I’m using Thunderbird as my email client on a daily basis. Not that long ago I’ve been trying to send a PDF document, that I previously got from the Web, as an email attachment. To my surprise the normal drag’n’drop and send routine didn’t do it. A short glance at the filename made it obvious — the percent-encoded forward slashes (%2F) in the filename got in the way.
As probably most of you guys, I’m not spending my day fuzzing stuff, but, probably as most of you again, I’m bumping over a software glitch from time to time. Sometimes, when I’m in the mood, I’m poking the hole to see what happens.

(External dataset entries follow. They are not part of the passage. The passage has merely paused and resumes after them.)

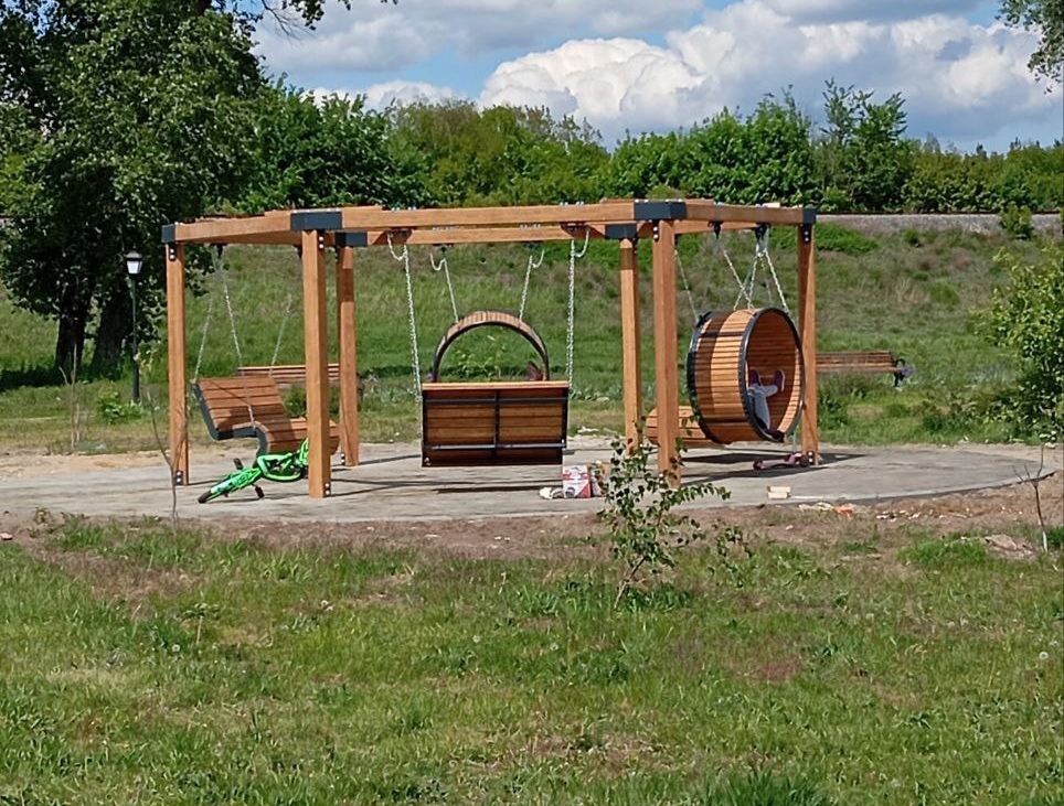 А в зоне отдыха появились уютная пергола с подвесными скамейками и оригинальные качели в форме кольца.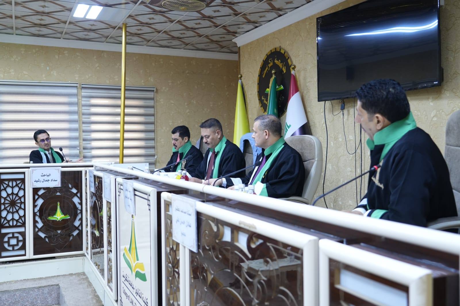 وخلال حضوره، أكد رئيس الجامعة حرص رئاسة جامعة تكريت على دعم برامج الدراسات العليا وتعزيز البحث العلمي، مشيراً إلى أن الجامعة تسعى إلى تهيئة بيئة أكاديمية متكاملة تتيح للباحثين فرصة الإبداع والإسهام في معالجة القضايا العلمية والقانونية التي تمس المجتمع وتواكب المتغيرات الدولية.
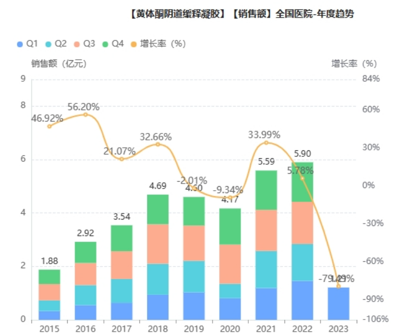 黄体酮阴道缓释凝胶原研来自德国默克,可以通过靶向给药,改善子宫内膜容受性,促进胚胎着床并减少流产风险,用于辅助生育技术中黄体酮的补充治疗。2008年,黄体酮阴道缓释凝胶8%获批进入中国(商品名:Crinone,雪诺同),目前尚未进入医保,不过其销售额一直在快速增长。据药融云数据库,该品种2022年院内销售额已近6亿元。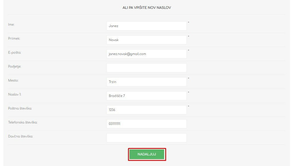 - Še enkrat preverite pravilnost podatkov in oddajte naročilo.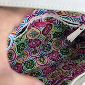 Elevate your style with this stunning Vera Bradley Floral Paisley Shoulder Bag. Perfect for women who love fashionable accessories, this limited edition bag features a colorful floral and paisley pattern that adds a touch of elegance to your outfit. The shoulder bag is made of high-quality leather and cotton, making it durable and long-lasting.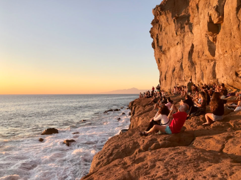 Am Sonnenuntergangsfelsen gleich um die Ecke, versammeln sich viele Urlauber, um wie der Name schon sagt, die Sonne im Meer untergehen zu sehen. Ein wunderschönes Erlebnis in entspannter Atmosphäre. Selbst hier können wir rüber nach Teneriffa auf die Spitze des Teides schauen.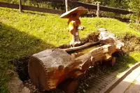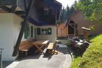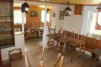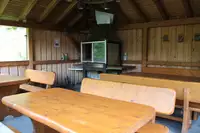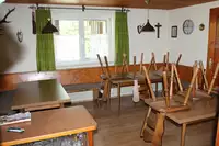 Trockenraum, Zimmer mit fließend Wasser kalt/warm Zentralheizung, Küche zur freien Benutzung mit 2 Elektroherden, 2 Kühlschränken und großem Holzofen - mit ihm kann auch der angrenzende Aufenthaltsraum geheizt werden. 12 Autoparkplätze, Spielwiese, Grillhütte mit Sitzgarnituren, überdachter Freisitz.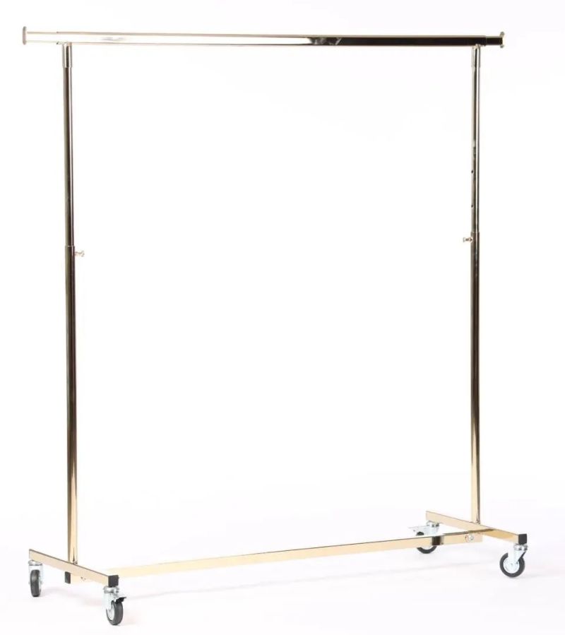 Единичен сгъваем щендер с регулируема дължина от 1500 до 2100 мм и височина от 1370 до 2200 мм. Подходящ за излагане на дрехи в магазини, шоуруми и складове. Конструкцията е стабилна, изработена от метал, което гарантира дълготрайна употреба и устойчивост при натоварване. Златното покритие придава стилен и модерен външен вид, подходящ за елегантно представяне на стоките. Лесно се сгъва и разгъва, което позволява удобен транспорт и съхранение.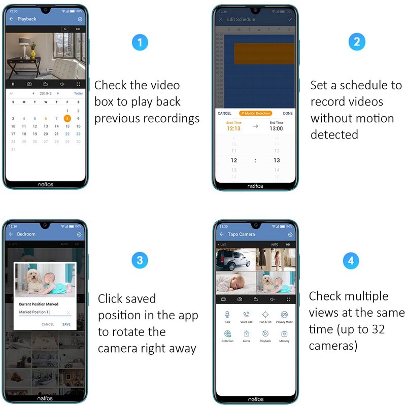 • Motion Detection and Notifications: Notifies you when the camera detects movement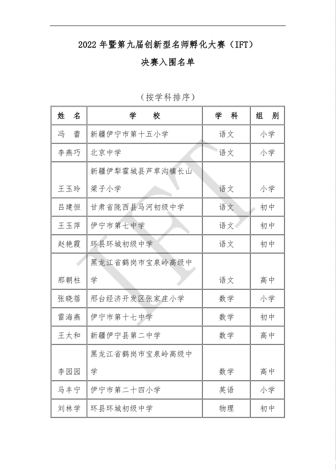点击蓝色字体下载:第九届IFT决赛参会回执及评价标准 直播预告: 时间:2022年6月18日星期六19:30——20:30 主题:创新型名师成长之道——2022年创新型名师孵化大赛决赛解读 观看:微信扫描下方二维码免费观看。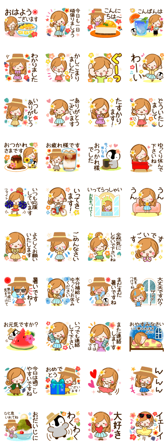 夏から残暑へと毎年ずっと使える日常敬語スタンプです♥よく使う言葉を集めてより使いやすくしました♡ステキな夏をお過ごし下さい♪「ほのぼのカノジョ」シリーズ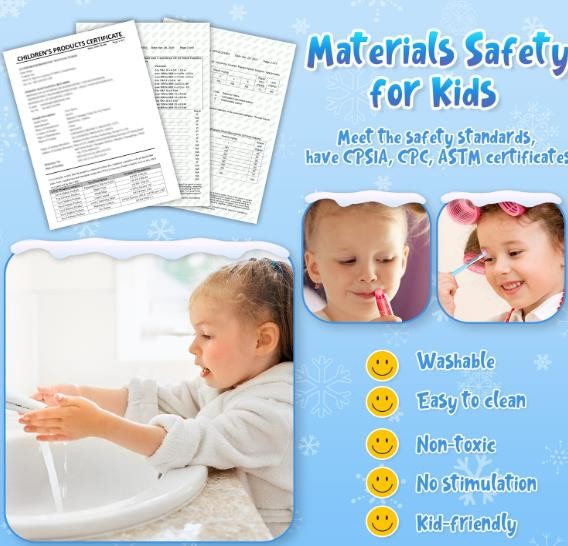 【Durable & Material Safety Makeup Set】: Girls can have their own makeup toys kit! Our kids make up toys kit is made of mild ingredients to protect the girls' delicate skin. Meet the international safety standards for children's toys, with 3 certificates of CPC, CPSIA, ASTM to ensure the safety of use. Easy to remove. You only need to use soap and water without a professional makeup remover. The ideal choice for kids to play makeup, give them peace of mind.

And I was in the mood that day.
As it seems, when an email is glued together (after punching the "send" button), the attachment file name is percent-decoded. This way when trying to send a file attachment named something like this:
..%2F..%2F..%2F..%2F..%2FWINDOWS%2Fwinnt.bmp%00.txt
a victim will most likely end up sending a winnt.bmp file from their windows directory instead of what they actually intended to send. The actual content of a file that the victim is trying to attach is of course irrelevant.

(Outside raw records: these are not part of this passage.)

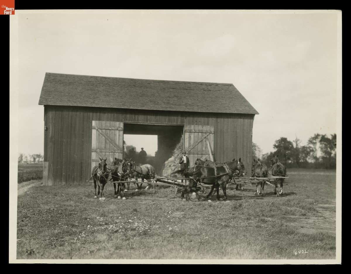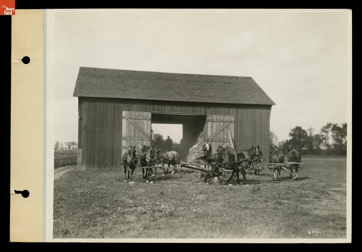 Horse-Powered Machine Used to Run Separator at the Ford Homestead Barn, 1924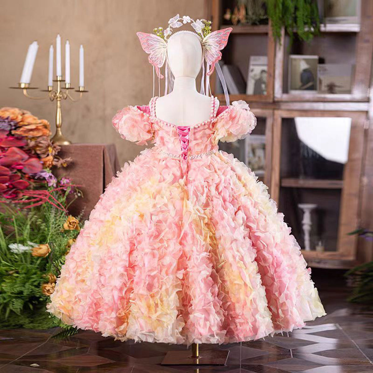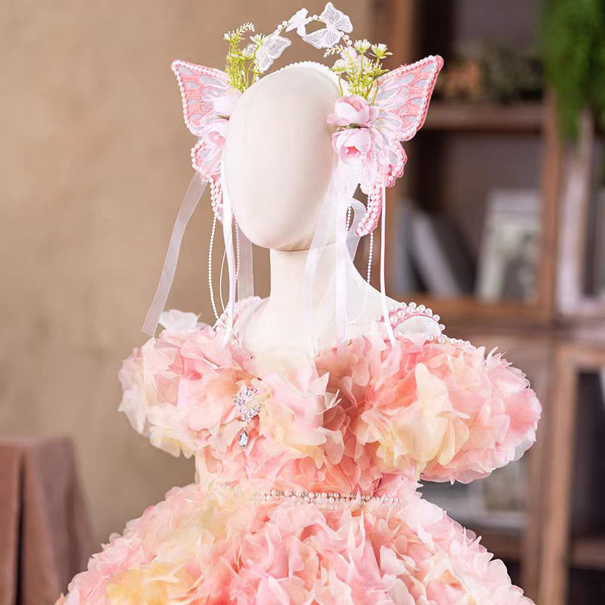 The Jill Gorgeous Flower-adorned Green Girl Dress With Headdress features a beautiful and intricate flower design, adding a touch of elegance to any occasion. The matching headdress completes the look, making it a perfect choice for flower girls at weddings or other special events. Made with high-quality materials, this dress is as durable as it is stunning.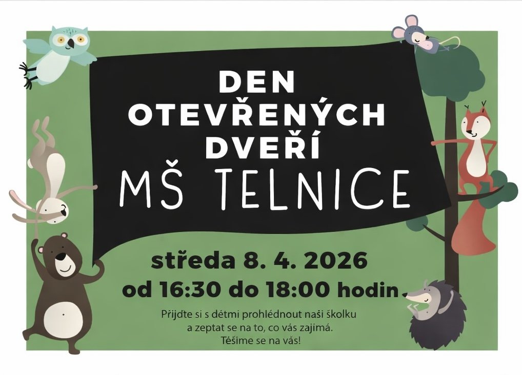 MŠ Telnice zve na Den otevřených dveří – ve středu 8. dubna 2026 od 16:30 do 18:00 hodin.
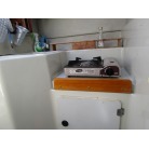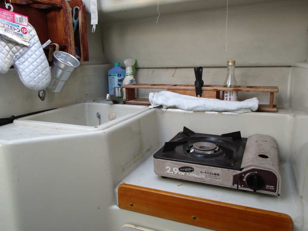 小さいながら流し及び、カセットコンロを装備していますので簡単な調理が可能です。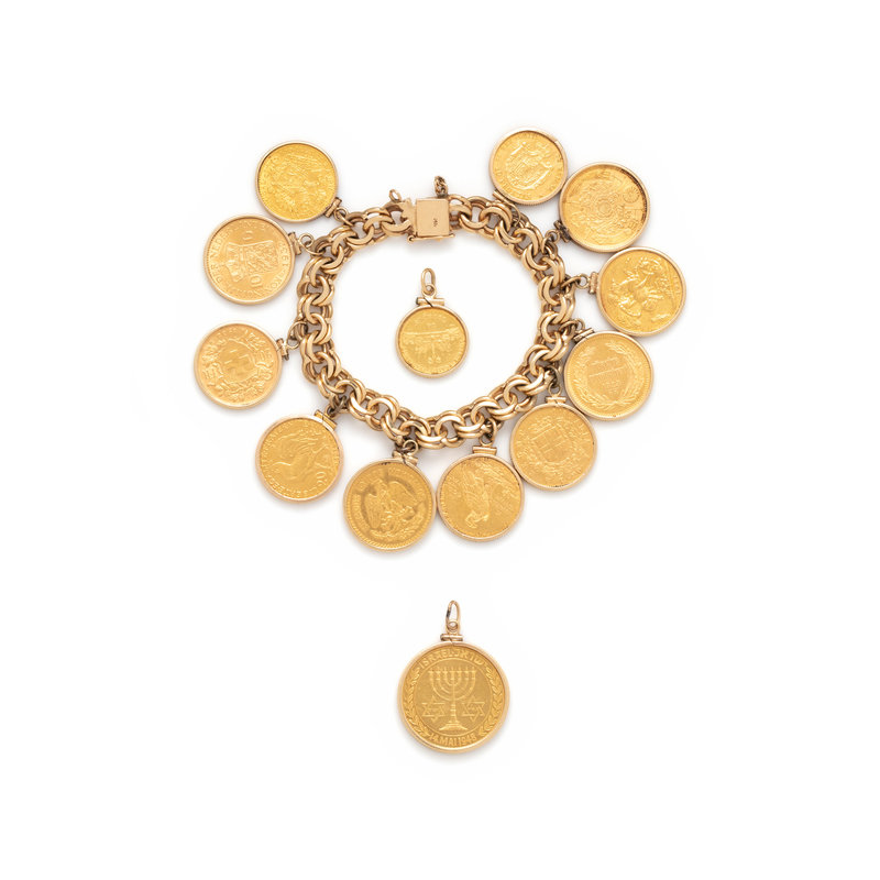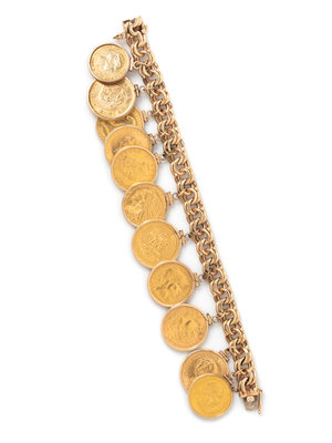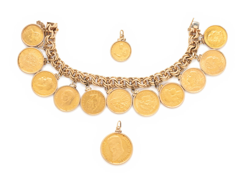 Consisting of a fancy link bracelet suspending 11 coin charms, together with two coin charms. 7 1/4 inches long.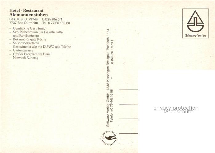 73722574 Bad Duerrheim Hotel-Restaurant Alemannenstube postalisch nicht gelaufen Erhaltung siehe scans [LiesaD40] KatCode: 11110008326003

I wouldn’t be me if I left it at this. So, as an enhancement to the basic idea, we can add some more jumps to the upper directory to have better chance that we get to the root level of the file system:
..%2F..%2F..%2F..%2F..%2F..%2F..%2F..%2F..%2F..%2F..%2F
..%2F..%2F..%2F..%2F..%2F..%2F..%2F..%2F..%2F..%2F..%2F
..%2F..%2F..%2F..%2F..%2FWINDOWS%2Fwinnt.bmp
And to add some more fun we can, say, get ourselves someone's SAM file from the windows\repair directory:
..%2F..%2F..%2F..%2F..%2F..%2F..%2F..%2F..%2F..%2F..%2F
..%2F..%2F..%2F..%2F..%2F..%2F..%2F..%2F..%2F..%2F..%2F
..%2F..%2F..%2F..%2F..%2FWINDOWS%2Frepair%2Fsam%00.bmp
The .bmp extension ensures proper encoding of a binary file (I've been really impressed how perfectly the %00 gets its job done).

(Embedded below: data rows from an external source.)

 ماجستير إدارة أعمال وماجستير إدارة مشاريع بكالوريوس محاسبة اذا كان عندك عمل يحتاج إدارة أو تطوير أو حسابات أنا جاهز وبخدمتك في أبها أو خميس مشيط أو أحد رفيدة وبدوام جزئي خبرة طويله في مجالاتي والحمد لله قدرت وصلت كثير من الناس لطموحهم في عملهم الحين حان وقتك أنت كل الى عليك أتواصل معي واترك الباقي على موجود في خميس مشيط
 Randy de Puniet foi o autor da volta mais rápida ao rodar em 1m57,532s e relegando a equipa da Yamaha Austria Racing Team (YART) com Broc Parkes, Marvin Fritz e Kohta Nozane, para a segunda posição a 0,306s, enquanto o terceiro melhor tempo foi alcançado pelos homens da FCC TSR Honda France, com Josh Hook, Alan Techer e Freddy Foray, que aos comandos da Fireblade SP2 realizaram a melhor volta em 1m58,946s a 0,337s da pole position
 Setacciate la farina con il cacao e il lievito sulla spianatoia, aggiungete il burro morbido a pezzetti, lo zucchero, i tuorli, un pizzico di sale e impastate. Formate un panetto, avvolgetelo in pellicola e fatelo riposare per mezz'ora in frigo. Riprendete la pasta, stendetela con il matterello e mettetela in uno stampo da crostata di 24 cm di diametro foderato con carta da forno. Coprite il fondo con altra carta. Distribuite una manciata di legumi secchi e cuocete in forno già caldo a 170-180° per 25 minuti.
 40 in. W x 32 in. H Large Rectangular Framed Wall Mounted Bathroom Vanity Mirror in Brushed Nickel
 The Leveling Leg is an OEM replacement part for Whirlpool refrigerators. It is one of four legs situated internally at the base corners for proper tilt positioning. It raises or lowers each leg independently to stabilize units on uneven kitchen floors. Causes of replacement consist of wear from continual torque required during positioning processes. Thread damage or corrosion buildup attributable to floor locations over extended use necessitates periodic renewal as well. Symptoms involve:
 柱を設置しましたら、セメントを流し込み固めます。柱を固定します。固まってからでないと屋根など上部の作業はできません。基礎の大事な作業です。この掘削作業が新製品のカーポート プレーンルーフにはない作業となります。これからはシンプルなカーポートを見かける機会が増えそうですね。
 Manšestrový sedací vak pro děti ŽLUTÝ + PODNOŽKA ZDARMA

Finally we can do some obfuscation:
%2E%2E%2F%2E%2E%2F%2E%2E%2F%2E%2E%2F%2E%2E%2F%2E%2E%2F
%2E%2E%2F%2E%2E%2F%2E%2E%2F%2E%2E%2F%2E%2E%2F%57%49%4E
%44%4F%57%53%2F%72%65%70%61%69%72%2F%73%61%6D%00%.bmp
As for the severity of this flaw, it certainly couldn’t be called serious as 1) it takes a lot of user interaction (i.e. downloading the funny named file and then sending it as an attachment) and 2) an attacker needs to be able to sniff the sent email off the wire. I can think of some highly directed attacks under which this bug can potentially result in exploitable conditions, but my guess is that one would rather find an easier way to get the job done.
Even though it’s nothing serious this time, it gives us some food for thought. Firstly, there is no such thing as "we know this kind of bugs for ages and they don’t happen anymore". Secondly, a well thought over architecture, a robust coding framework and a proper code quality assurance shouldn’t be optional. And finally, you can never have enough of code quality assurance.